The map, Bedford said, made an intervention — removing the handle of the Broad Street water pump — obvious.
"What we're doing with nextstrain is meant to be in this tradition," he said. "Right now it's more of a 'now-cast,' but we really want to be doing a real-time forecast of what's going on with an epidemic."
Evolutionary and computational biologists like Bedford and Neher are in the open science movement's vanguard. One reason is that their fields are the ones most concerned with outbreaks, where waiting to publish can have deadly consequences.
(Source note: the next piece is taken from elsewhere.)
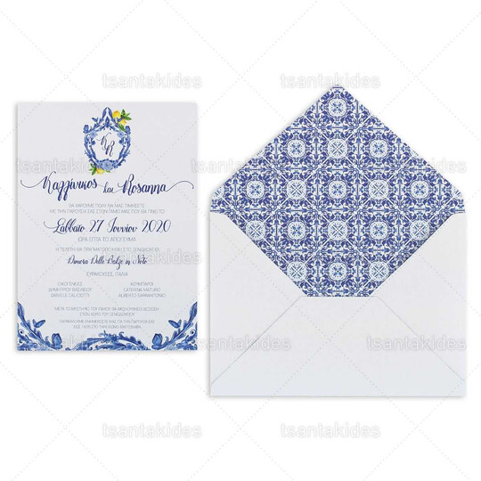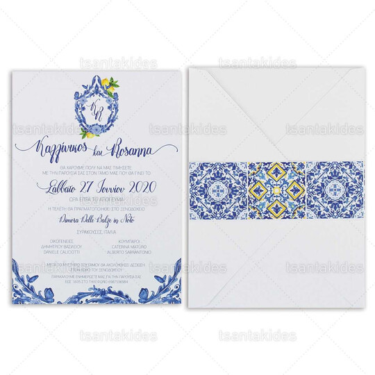 Προσκλητήριο γάμου εκτυπωμένο με θέμα Lemon & Blue Tile

Real-time tracking of genetic mutations during disease outbreaks helps scientists discern what makes viruses so severe and inform public health efforts to contain them. Being able to do so depends on researchers openly sharing the genetic sequencing data, something that not all scientists embrace in a competitive world where researchers rush to publish in prestigious journals and stake claims to discoveries.
Lessons from Ebola
The seed for nextstrain sprouted while Bedford was doing postdoctoral research at the University of Michigan. He had published a paper on flu migration using data up to 2010. He found himself thinking what a pity it was that the analysis couldn't be updated as new data came out. But the fact that a paper had already been published was a disincentive for anyone to write a new paper with just a small update to the data.
From that frustration, nextflu was born. And nextflu led to nextstrain.
The devastating 2013-2016 Ebola epidemic in West Africa leant the project new urgency. Relatively early in the outbreak, researchers sequenced Ebola genomes from patients and immediately uploaded them to the public database GenBank, leading to a surge of collaboration from experts in diverse fields. The collection of shared, publically available data helped answer critically important questions as the epidemic was unfolding. It added to the confirmation that that the outbreak was being sustained by human-to-human contact, not contact with bats or other animal carriers, suggested probable transmission routes and revealed where and how fast mutations in the virus were occurring — all information crucial to both public health and medical interventions.
Even when data is shared, speed is everything in responding to outbreaks, so any tool that speeds data analysis contributes to the effort.
But despite the precedent set by the response to the Ebola epidemic, fewer researchers have shared Zika virus genome sequences from the more recent crisis in Brazil, Central America and the Caribbean, the researchers said.
"I'm not seeing the same thing with Zika," said Dr. Gytis Dudas, a postdoctoral fellow in Bedford's laboratory who worked on many of the Ebola analyses. In part, Dudas said, the Zika virus is more difficult to sequence than Ebola, making researchers more likely to guard their rare sequences for publications.
And that, Bedford said, is "a tragedy," even as he understands that academic careers depend on publishing.
"The idea is that this nextstrain platform would provide some neutral ground with which to share data," said Bedford. "We're not trying to make a flashy paper. We just want [the data] to be on the website so people can look at the latest thing and do analyses that aren't stymied by publication practices. This kind of simple sequence sharing during outbreaks is something that if you could just push the [scientific] community a little bit, you could have some real-world impact in helping respond to epidemics."